Output 64.5.9: Fit Statistics for Random Frailty Model

Fit Statistics
-2 Log Likelihood 198.5
AIC (smaller is better) 206.5
AICC (smaller is better) 207.7
BIC (smaller is better) 213.0


Output 64.5.10: Parameter Estimates

Parameter Estimates
Parameter Estimate Standard Error DF t Value Pr > |t| Alpha Lower Upper Gradient
gamma 6.2867 2.1334 37 2.95 0.0055 0.05 1.9641 10.6093 -1.89E-7
b0 3.2786 0.06576 37 49.86 <.0001 0.05 3.1453 3.4118 0.000271
b1 -0.1761 0.08264 37 -2.13 0.0398 0.05 -0.3436 -0.00868 0.000111
logsig -1.9027 0.5273 37 -3.61 0.0009 0.05 -2.9711 -0.8343 0.000027


The estimate of the Weibull parameter has changed drastically from the model without random effects (compare Output 64.5.10 and Output 64.5.4). The variance of the patient random effect is $\exp \{ -2 \times 1.9027\}  = 0.02225$. The listing in Output 64.5.11 shows the empirical Bayes estimates of the random effects. These are the adjustments made to the linear predictor in order to obtain a patient’s survival distribution.
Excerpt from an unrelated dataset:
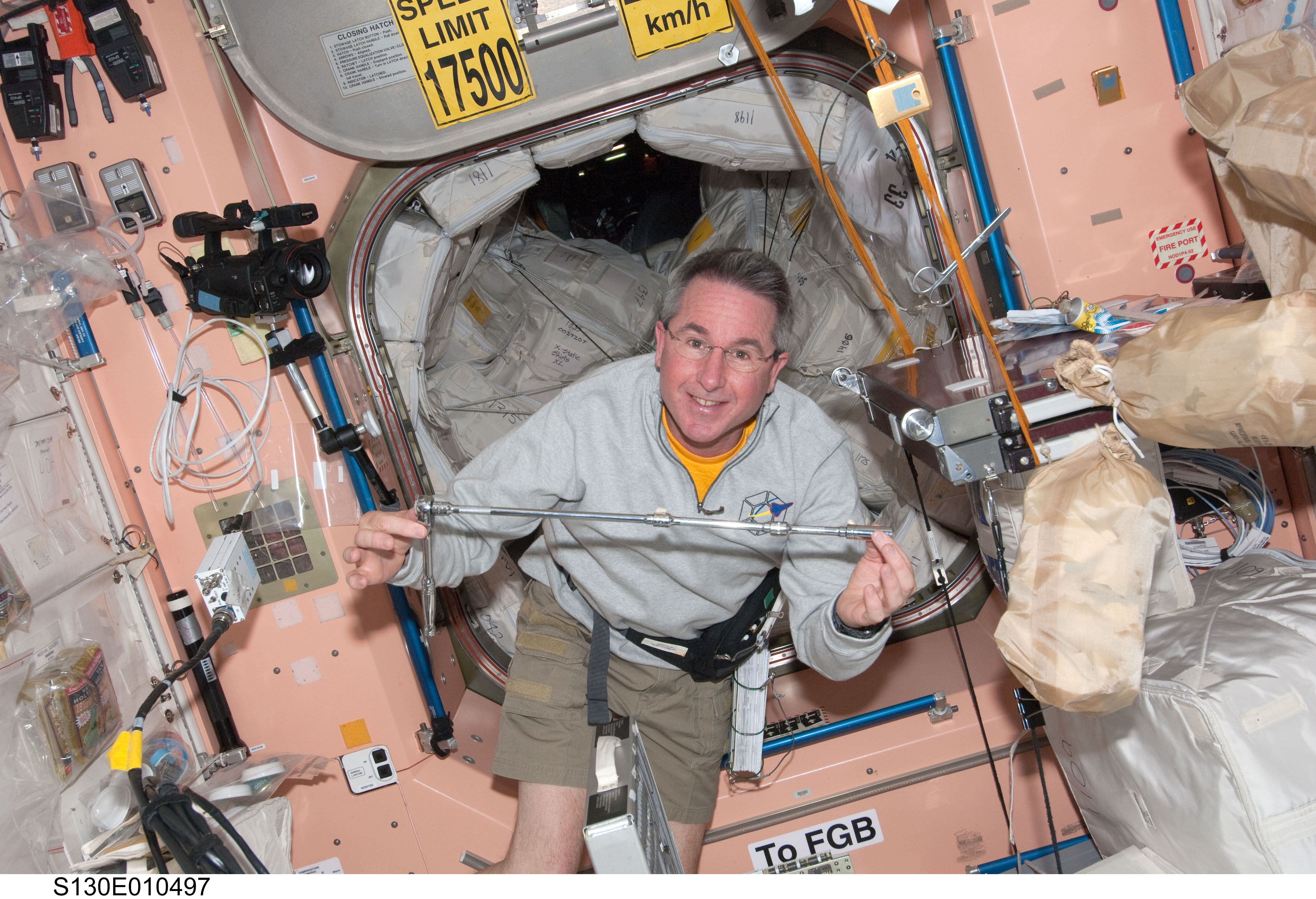 S130-E-010497 (18 Feb. 2010) --- NASA astronaut Stephen Robinson, STS-130 mission specialist, holds a tool in the Unity node of the International Space Station while space shuttle Endeavour remains docked with the station.

The listing is produced with the following statements:

proc print data=eb;
   var Patient Effect Estimate StdErrPred;
run;

Output 64.5.11: Empirical Bayes Estimates of Random Effects

Obs patient Effect Estimate StdErrPred
1 1 z -0.13597 0.23249
2 2 z -0.13323 0.22793
3 3 z -0.06294 0.13813
4 4 z -0.06294 0.13813
5 5 z -0.06294 0.13813
6 6 z -0.06294 0.13813
7 7 z -0.02568 0.11759
8 8 z -0.04499 0.12618
9 9 z -0.02568 0.11759
10 10 z -0.02568 0.11759
11 11 z -0.04499 0.12618
12 12 z -0.02568 0.11759
13 13 z -0.04499 0.12618
14 14 z -0.02568 0.11759
15 15 z 0.05980 0.11618
16 16 z 0.10458 0.12684
17 17 z 0.17147 0.14550
18 18 z 0.06471 0.13807
19 19 z 0.11157 0.14604
20 20 z -0.13406 0.22899
21 21 z -0.12698 0.21667
22 22 z -0.12698 0.21667
23 23 z -0.08506 0.15701
24 24 z -0.08506 0.15701
25 25 z -0.05797 0.13294
26 26 z -0.05797 0.13294
27 27 z -0.05797 0.13294
28 28 z -0.05797 0.13294
29 29 z 0.06420 0.13956
30 30 z -0.05797 0.13294
31 31 z -0.04266 0.12390
32 32 z -0.04266 0.12390
33 33 z 0.07618 0.14132
34 34 z 0.16292 0.16460
35 35 z 0.13193 0.15528
36 36 z 0.06327 0.12124
37 37 z 0.16292 0.16460
38 38 z 0.02074 0.14160


The predicted values and patient-specific survival distributions can be plotted with the SAS code that follows:

proc transpose data=est(keep=estimate)
    out=trest(rename=(col1=gamma col2=b0 col3=b1));
run;

data pred;
   merge eb(keep=estimate) headache(keep=patient group);
   array pp{2} pred1-pred2;
   if _n_ = 1 then set trest(keep=gamma b0 b1);
   do time=11 to 32;
      linp      = b0 - b1*(group-2) + estimate;
      pp{group} = 1-exp(- (exp(-linp)*time)**gamma);
      symbolid  = patient+1;
      output;
   end;
   keep pred1 pred2 time patient;
run;

data pred;
   merge pred
         cdf(where  = (group=1)
             rename = (pred=pcdf1 minutes=minutes1)
             keep   = pred minutes group)
         cdf(where  = (group=2)
             rename = (pred=pcdf2 minutes=minutes2)
             keep   = pred minutes group);
   drop group;
run;

proc sgplot data=pred noautolegend;
   label minutes1='Minutes to Headache Relief'
         pcdf1   ='Estimated Patient-specific CDF';
   series  x=time     y=pred1  /
           group=patient
           lineattrs=(pattern=solid color=black);
   series  x=time     y=pred2  /
           group=patient
           lineattrs=(pattern=dash color=black);
   scatter x=minutes1 y=pcdf1  /
           markerattrs=(symbol=CircleFilled size=9);
   scatter x=minutes2 y=pcdf2  /
           markerattrs=(symbol=Circle       size=9);
run;

The separation of the distribution functions by groups is evident in Output 64.5.12. Most of the distributions of patients in the first group are to the left of the distributions in the second group. The separation is not complete, however. Several patients who are assigned the second pain reliever experience headache relief more quickly than patients assigned to the first group.

Output 64.5.12: Patient-Specific CDFs and Predicted Values. Pain Reliever 1: Solid Lines, Closed Circles; Pain Reliever 2: Dashed Lines, Open Circles.

Patient-Specific CDFs and Predicted Values. Pain Reliever 1: Solid Lines, Closed Circles; Pain Reliever 2: Dashed Lines, Open Circles.